Ich bin jetzt in der zwölften Schwangerschaftswoche, das Geschlecht des Kindes kann man normalerweise zu diesem Zeitpunkt noch nicht per Ultraschall sicher ermitteln. Wir wissen durch das Ergebnis der Chorionzottenbiopsie plötzlich sehr viel von unserem Kind. Es fühlt sich richtig und gleichzeitig falsch an.

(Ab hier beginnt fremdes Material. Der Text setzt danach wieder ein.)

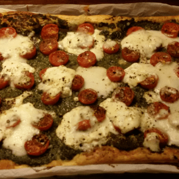 Put 100 grams of rucola, 2 garlic cloves, 1 spicy little pepper in a small blender. Add some olive oil to obtain a smooth, bright green pasta. Taste, add pepper and salt. Spread the rucola pesto on a rectangular puff pastry. Finish with 250 grams of halved cherry tomatoes and some dried oregano. Put in … More Movie and a dinner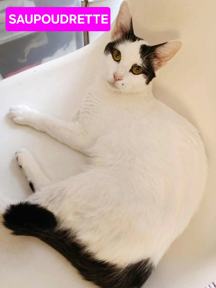 SAUPOUDRETTE et ses chatons : PALJETI ET POUDRÉE (duo a adopter ensemble), BRILHO, STRASS, LUMIÈRE et SCINTILLE.

Dass mein Kind durch meine Bauchdecke geschützt ist, ist für mich logisch. Es tut mir fast ein bisschen leid, dass wir seine Privatsphäre mit der Untersuchung stören mussten. Ein gesundes Kind in meinem Bauch. Wow. Nach dem Telefonat atme ich ein und aus und ein und aus. Ich wische die Träne von meiner Wange und gehe zu Thorben. „Greta bekommt eine gesunde kleine Schwester“, sage ich zu ihm – auch, um es selbst noch mal zu hören. Wir liegen uns in den Armen und weinen beide, erleichtert, dann gehen wir zu Greta und überbringen ihr die gute Nachricht. Sie schläft. Es sieht aus, als würde sie dabei lächeln.